Claudio Tencati vive momento de pressão com jejum de vitórias do Pantera
Por Hugo Luque
Apesar da péssima fase do Botafogo na Série B do Campeonato Brasileiro, o técnico Claudio Tencati é tido como um dos nomes cotados pela Chapecoense, que demitiu Fábio Mathias na última segunda-feira (25), para assumir o comando da equipe na Série A. O comandante, contudo, enfatizou que pretende permanecer no Estádio Santa Cruz/Arena Nicnet.
Por outro lado, Tencati condiciona sua sequência na equipe à confiança da diretoria. Afinal, são oito jogos sem vencer para o Pantera, que está na zona de rebaixamento e vê a desconfiança vinda das arquibancadas crescer a cada nova frustração.
Caso, de fato, troque Ribeirão Preto por Chapecó (SC), casa do lanterna do Brasileirão, o profissional disputaria pela terceira vez a elite nacional. Em 2024, trabalhou durante toda a campanha de rebaixamento do Criciúma na divisão. Já no ano passado, esteve à frente do Juventude em sete partidas.
“A respeito do meu futuro com o clube, tenho compromisso. Enquanto o Adalberto [Baptista, presidente do Conselho Administrativo da SA] e o André [Leite], diretor executivo, estiverem aqui e nos passarem confiança, nossa intenção é permanecer. Agora, está óbvio que vai ter desconfiança de todo o processo, do trabalho, do momento e do resultado. Faz parte do jogo. Treinador vive de resultado e eu tenho consciência disso. Não sou imaturo. Já vivi muita coisa na vida”, afirmou o técnico de 53 anos.
Tencati voltou a destacar a importância de buscar equilíbrio para o elenco e, nitidamente incomodado com a sequência negativa, destacou que, com ou sem ele no comando, a postura do Tricolor dentro de campo precisa mudar.

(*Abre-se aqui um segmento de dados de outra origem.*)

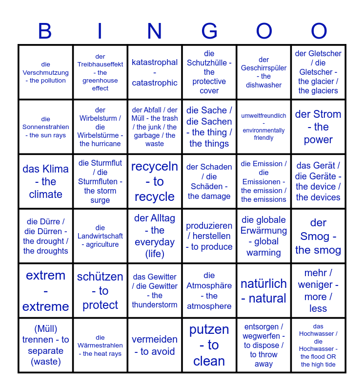 This bingo card has 48 words: Free!, das Klima - the climate, der Klimawandel - climate change, die globale Erwärmung - global warming, die Emission / die Emissionen - the emission / the emissions, die Atmosphäre - the atmosphere, der Treibhauseffekt - the greenhouse effect, das Treibhausgas / die Treibhausgase - the greenhouse gas, der Gletscher / die Gletscher - the glacier / the glaciers, die Wärmestrahlen - the heat rays, die Sonnenstrahlen - the sun rays, die Schutzhülle - the protective cover, die Landwirtschaft - agriculture, die Dürre / die Dürren - the drought / the droughts, das Hochwasser / die Hochwasser - the flood OR the high tide, das Gewitter / die Gewitter - the thunderstorm, der Wirbelsturm / die Wirbelstürme - the hurricane, die Sturmflut / die Sturmfluten - the storm surge, der Meeresspiegel - the sea level, der Geschirrspüler - the dishwasher, der Strom - the power, der Smog - the smog, die Verschmutzung - the pollution, der Abfall / der Müll - the trash / the junk / the garbage / the waste, die Verpackung / die Verpackungen - the packaging, die Sache / die Sachen - the thing / the things, der Alltag - the everyday (life), die Mülltonne / die Mülltonnen - the garbage can / the garbage cans, das Gerät / die Geräte - the device / the devices, der Schaden / die Schäden - the damage, verbrauchen - to consume / to use up, schützen - to protect, entsorgen / wegwerfen - to dispose / to throw away, schonen - to spare (to protect), produzieren / herstellen - to produce, vermeiden - to avoid, putzen - to clean, recyceln - to recycle, (Müll) trennen - to separate (waste), menschengemacht - man-made, natürlich - natural, extrem - extreme, katastrophal - catastrophic, elektrisch - electric, umweltfreundlich - environmentally friendly, umweltschädlich - harmful to the environment, mehr / weniger - more / less and elektrisch - electric.

Todavia, o treinador fez questão de garantir que não há “corpo mole” grupo, apenas um desequilíbrio.
“Os atletas têm de sentir mais essa dor, como a gente sente, porque isso acarreta a eles. Daqui a pouco eles acham que estão blindados e a coisa não acontece. Não que falte vontade, mas falta equilíbrio e precisamos gerar mais equilíbrio para a equipe. Espero que tenhamos momentos melhores, que a gente consiga mudar esse momento difícil. Mas só tem um caminho: a gente se unir e seguir trabalhando”, completou.
O Botafogo volta a campo para tentar encerrar a “seca” na próxima segunda-feira, às 19h, fora de casa, contra a Ponte Preta, que também está no Z-4 da segunda divisão nacional.